Required action :: Start at the line that contains "Name: ___ Date: ___" in the listing below and extract every line through the last, exactly; leave pictures out.

Information shown ::
---+---

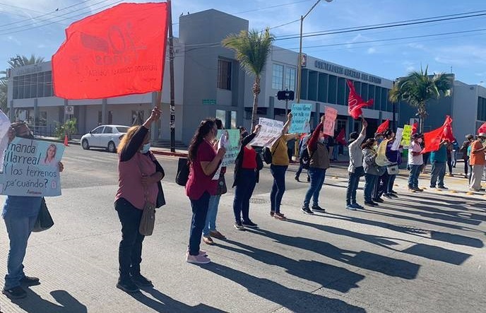 Aquí en Baja California Sur pretenden seguir lucrando con la necesidad de los más pobres, su objetivo es hacerse de terrenos en La Paz (ya tienen secuestrada la colonia La Pasión) y Los Cabos por lo que exigen al gobierno, y en particular al Instituto de Vivienda, cientos de terrenos y viviendas. Con lista en mano, esta organización realiza manifestaciones en palacio de gobierno y a las afueras del instituto exigiendo respuesta a sus demandas.
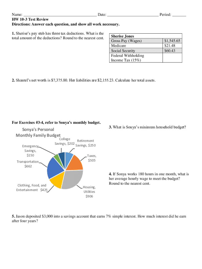 Name: ___ Date: ___ Period: ___ HW 103 Test Review Directions: Answer each question, and show all work necessary. 1. She rises pay stub has three tax deductions. What is the total amount of the deductions?
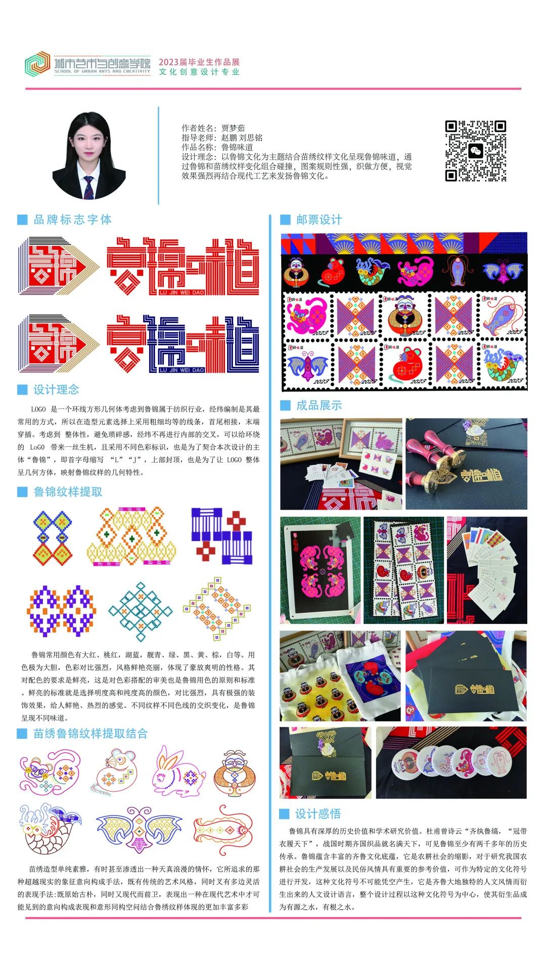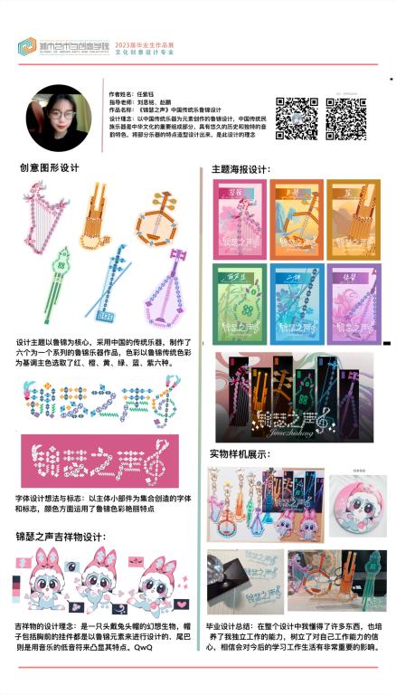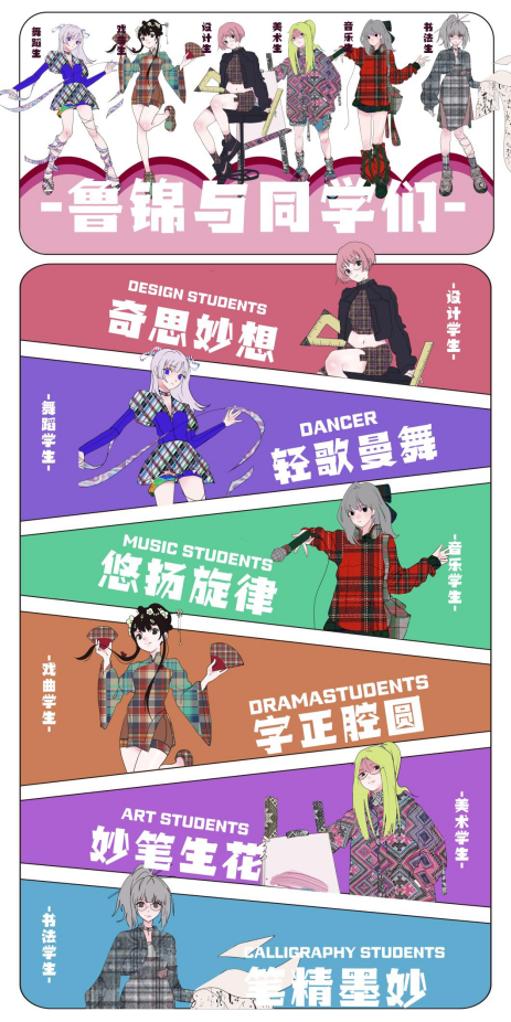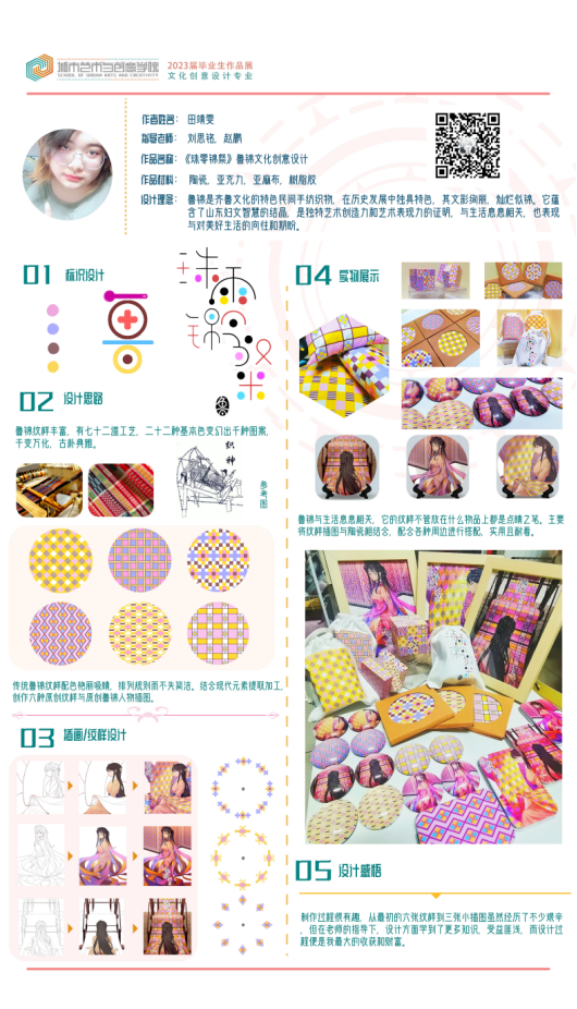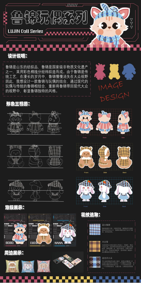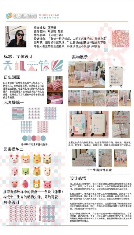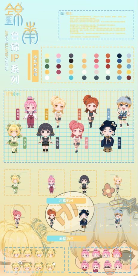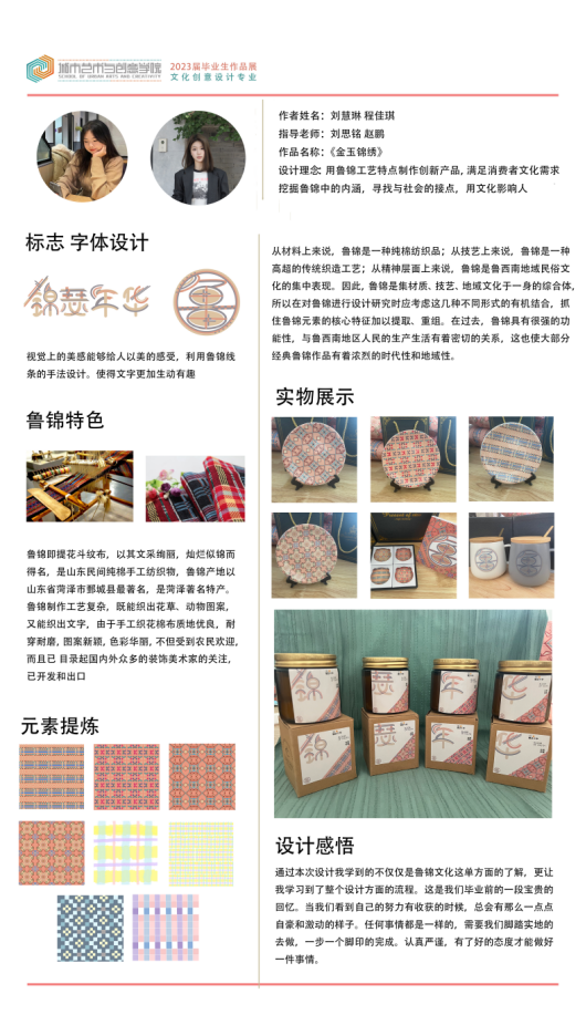 “锦”代表鲁锦,“南”代表山东省鲁西南是盛产鲁锦的地方。本次展览一共设计八个不同风格不同纹样的鲁锦小姑娘形象,结合现代时装及汉服元素,对鲁锦进行新的创新和再设计。时光如白驹过隙,2023年学期开始进行毕业创作,从开始定题鲁锦到我选题做鲁锦的卡通IP到大量的绘制草图确定角色再到形象的设计完成,如今看着这一个个鲜活灵动的小形象的诞生,才觉得这一切的努力都是值得的。我感恩我的老师对我三年的倾囊相授和孜孜不倦的教导,我感恩他们对我的严厉点评,更感谢20视传班的同学你追我赶才能让我们齐头并进地一起走到毕业,走完这满满的三年时光。这次毕设作品让我的大学时光画上了完美的一个句号,中间是太多的无法言说,是很多个夜晚挑灯奋战,是很多张废稿日积月累 ,我希望通过我的作品能够让观看者能从这些可爱的小形象里去认识鲁锦,能够去真正的传播和弘扬我们中国、我们山东省的优秀传统文化,让大家知道——原来老粗布一样的花样的布匹就是鲁锦,原来鲁锦就是山东的传统布匹。最后祝愿所有20视传的同学们前程似锦,我们毕业快乐,不说再见。

---+---

Task output ::
 Name: ___ Date: ___ Period: ___ HW 103 Test Review Directions: Answer each question, and show all work necessary. 1. She rises pay stub has three tax deductions. What is the total amount of the deductions?
 “锦”代表鲁锦,“南”代表山东省鲁西南是盛产鲁锦的地方。本次展览一共设计八个不同风格不同纹样的鲁锦小姑娘形象,结合现代时装及汉服元素,对鲁锦进行新的创新和再设计。时光如白驹过隙,2023年学期开始进行毕业创作,从开始定题鲁锦到我选题做鲁锦的卡通IP到大量的绘制草图确定角色再到形象的设计完成,如今看着这一个个鲜活灵动的小形象的诞生,才觉得这一切的努力都是值得的。我感恩我的老师对我三年的倾囊相授和孜孜不倦的教导,我感恩他们对我的严厉点评,更感谢20视传班的同学你追我赶才能让我们齐头并进地一起走到毕业,走完这满满的三年时光。这次毕设作品让我的大学时光画上了完美的一个句号,中间是太多的无法言说,是很多个夜晚挑灯奋战,是很多张废稿日积月累 ,我希望通过我的作品能够让观看者能从这些可爱的小形象里去认识鲁锦,能够去真正的传播和弘扬我们中国、我们山东省的优秀传统文化,让大家知道——原来老粗布一样的花样的布匹就是鲁锦,原来鲁锦就是山东的传统布匹。最后祝愿所有20视传的同学们前程似锦,我们毕业快乐,不说再见。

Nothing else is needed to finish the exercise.